My journey to bagel heaven happened on the first morning I stayed in the Brooklyn palace. I was offered a bagel to grab on my way to work. And, as a hungry broke person I gladly accepted. Although I didn’t take the cream cheese because that would’ve been a little too involved and a little too weird, because then I’d have to use a knife and something to cut it on…it was just too much. And I am lazy.
So I grabbed an Everything Bagel from the brown paper bag sitting on the counter and awkwardly threw it in my giant tote I was carrying my computer around in. Before I even threw it into my bag. I knew that this was no ordinary bagel. It was big, fluffy, and when I finally had a chance to eat it my world was changed. It pulled apart like a Pillsbury dinner roll and it was just…everything. Just like the name suggested. I thought to myself, “this is what rich people food tastes like”.

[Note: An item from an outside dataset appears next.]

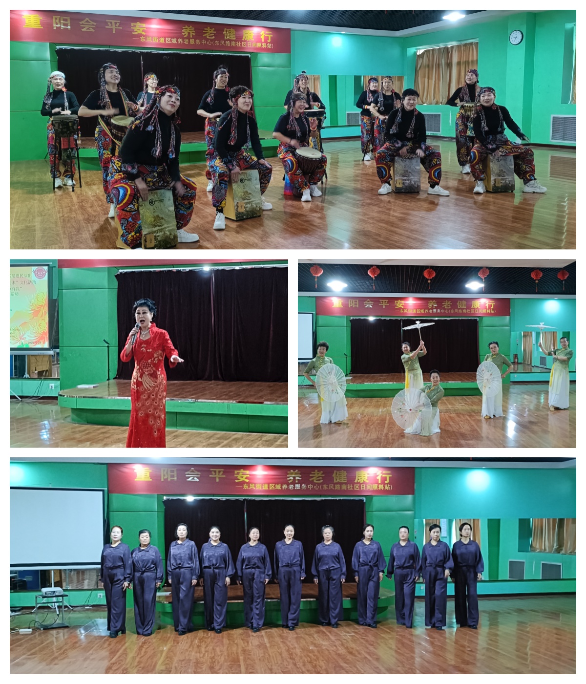 演出活动在一片欢腾中拉开序幕。舞台上,老人们活力满满的身影成为最亮的风景——激昂的非洲鼓敲出岁月的热烈,悠扬的女声独唱诉尽生活的美好,诗情画意的舞蹈流转着古典韵味,更有模特走秀点燃全场热情,阿姨们步履从容、气质优雅,引得台下掌声阵阵。

Later that same week, as I ordered my morning coffee from a place cheaper than Starbucks, I decided to get another bagel. Mostly because I had convinced myself it was somehow better than eating a muffin for breakfast and I was still on a high from my Everything Bagel days before. And to my surprise it was just as delicious. And the cream cheese? Had REAL strawberries in it. I was hooked. From that day on, I ordered an oompa loompa purple blueberry bagel with real live strawberry cream cheese everyday! I’m on a bagel break for now. Mostly because I killed the novelty a little, I’m broke and fearful that eating a bagel every morning will make me shaped like one. But once I get more funds and establish my running habit I will go on a bagel quest and pin every worthy bakery with a “NY Bagel” blue ribbon just like Dave Chappelle. Maybe I’ll even find those “good bagels” Carrie brought to Miranda after Aiden saw her naked.
The moral of the story? When it comes to bagels, I get it New Yorkers.